Advanced techniques and terminology-Market Percentages
As explained above, a bookmaker will always set his markets to over 100%, allowing for a profit margin and to manage his risk as the prices change.
When a market stands at 100%, it means every penny going into the market is being paid back to punters - like in a coin toss situation.This is often described as an efficient market - all the money in equals all the money going out, and there is no leakage such as profit margin taken.
The closer the Back market gets to 100%, it means the prices are more and more competitive. When a market first opens, the first people to post offers can ask for whatever price they like. Think of it like having the only shop in a town - you can charge any price you can get away with (it doesn't mean people will buy from you though) until someone else comes along and undercuts your price. As the market becomes more competitive, margins (market percentages) are reduced and more customers are willing to get involved.
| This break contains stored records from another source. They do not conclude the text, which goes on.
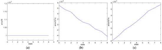 Error of simulation 2. (a) Upper kinematic chain. (b) Bottom kinematic chain 1. (c) Bottom kinematic chain 2.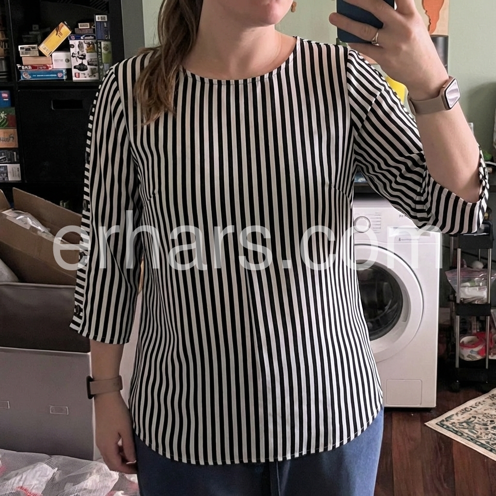 I absolutely love this top! The vertical stripes are incredibly slimming and the fit is just loose enough to be comfortable without looking baggy. The button details on the sleeves add a really cute touch. Perfect for work or a casual day out.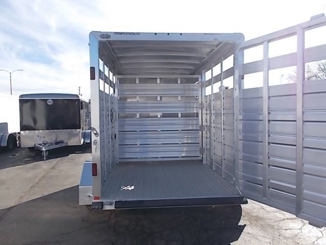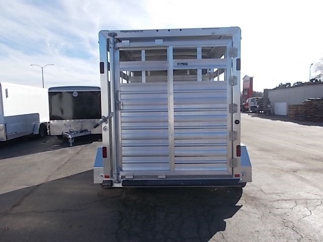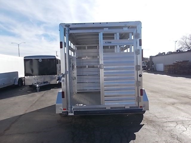 2017 Featherlite Livestock Trailer with the following specs: 6'7" x 12', 6'6" Inside Height, Silver Mod Wheels, Spare Tire and Carrier, Switch in Rear Frame for Horse/Stock Area, Floor Skid Resistant Extruded Aluminum, Jack Crank Type with Wheel, Side Panel with 2 Top Air Spacing, Gate Center with No Walk thru, Rear Gate Full Swing with Lockable Inside Slider, Door Escape, Bumper Rubber Dock.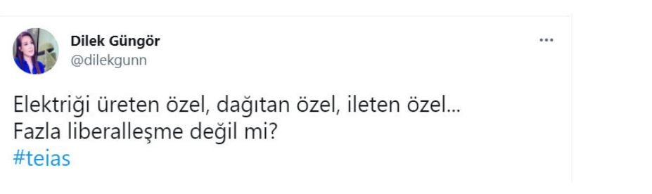 Sabah gazetesi yazarı Dilek Güngör, tartışma yaratan son zammın ardından dikkat çeken bir mesaj yayımladı. Dilek Güngör, “Elektriği üreten özel, dağıtan özel, ileten özel... Fazla liberalleşme değil mi?” diye sordu.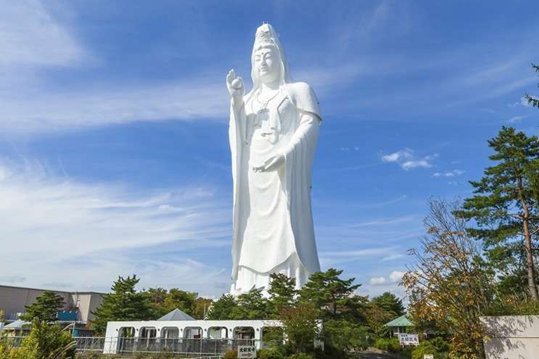 Sendai Daikonnen, officially known as Sendai Tendou Byakue Daikonnen is an enormous statue depicting Byakue Kannon, a figure from Buddhist lore. She holds a cintamani gem in her hand. This gem is said to be the Eastern equivalent of the philosopher’s stone.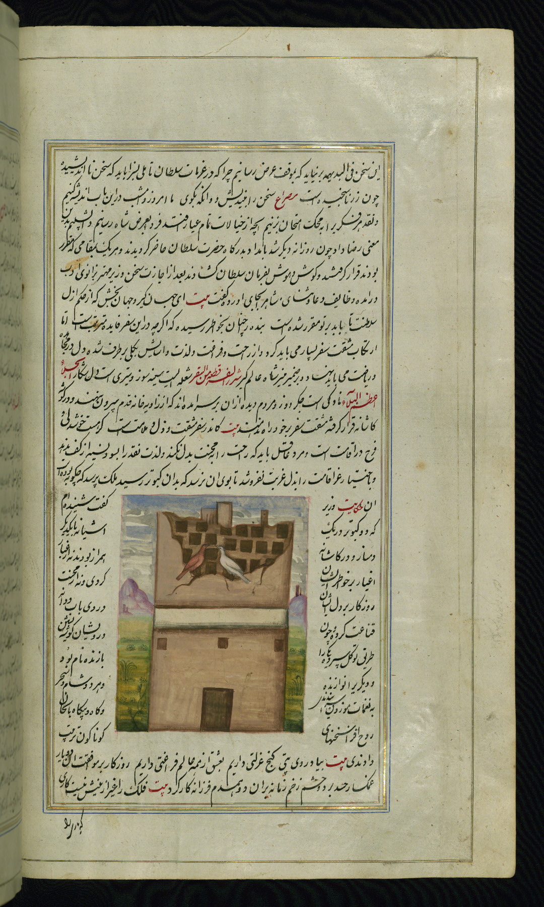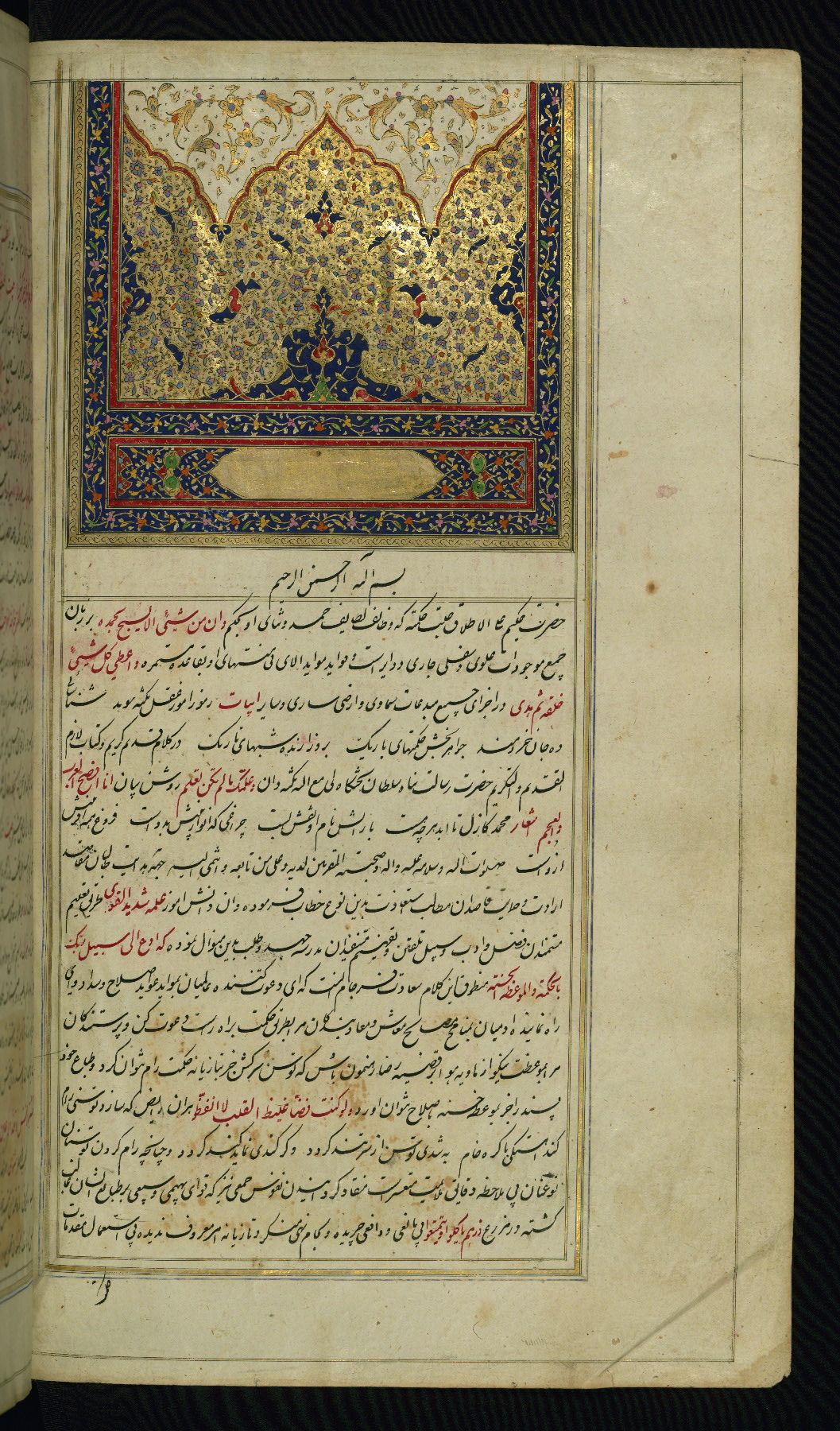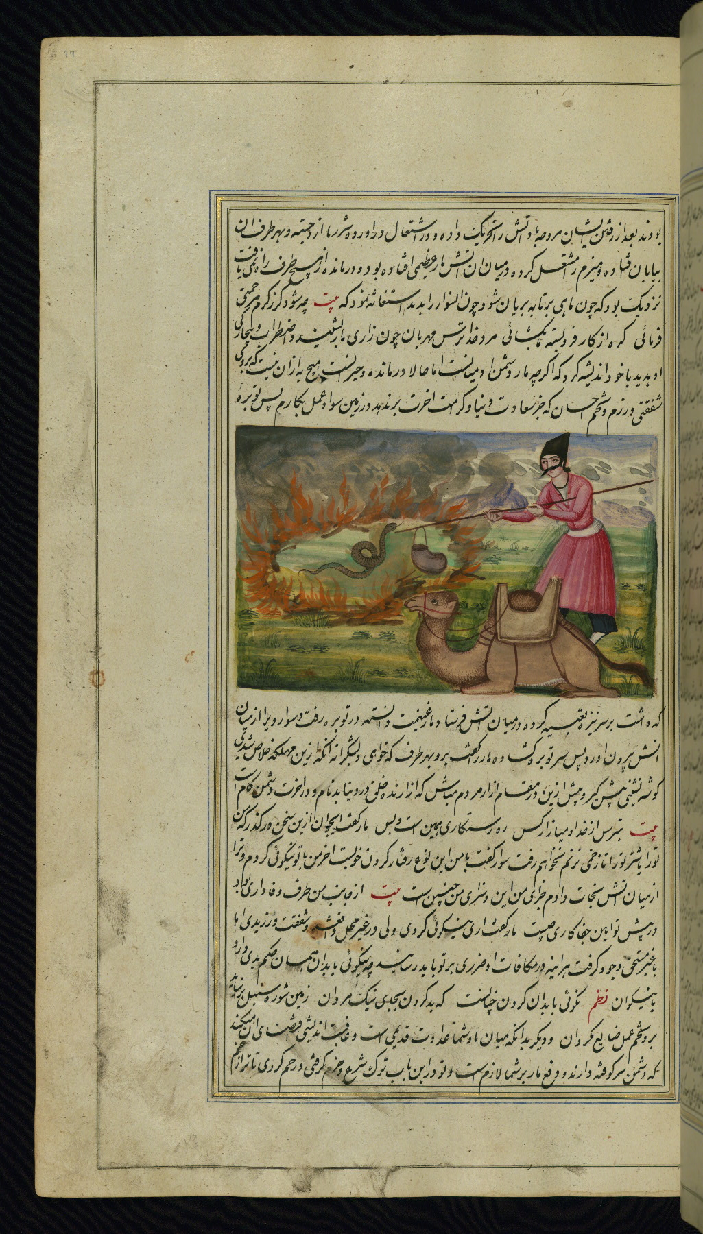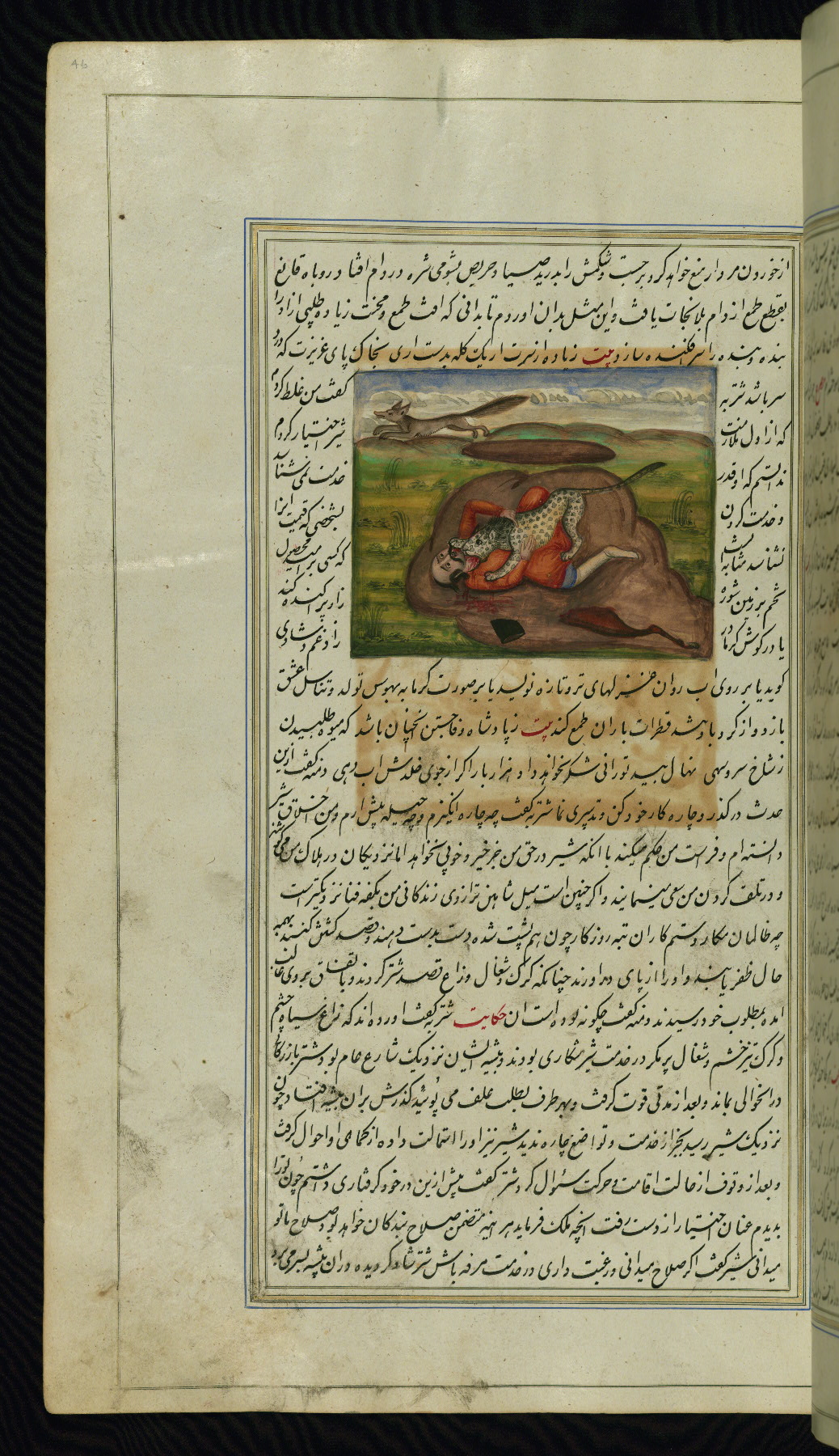 - Hand note: Written in nastaʿliq script, influenced by shikastah script, in black and red ink

If the market % on the Back side goes below 100%, it means every selection in the market could be backed to guarantee a profit regardless of the result. You would need to adjust your stakes so that each bet results in the same payout otherwise you would be left with profit on some and not others. This type of market anomaly does happen daily but you'll need to be lightning quick to get in before everyone else.
So if the bookies want a market above 100% to make a profit, it stands to reason that backers want a market under 100% for their profit. The lay side of the market is backers queuing up to bet - waiting for layers. This side of the market will remain below 100% except on rare occasions. When it does go above 100%, you could theoretically lay all runners to land a profit, but again, this type of market anomaly will be corrected by other customers so quick you probably won't have had a chance to pull out the calculator.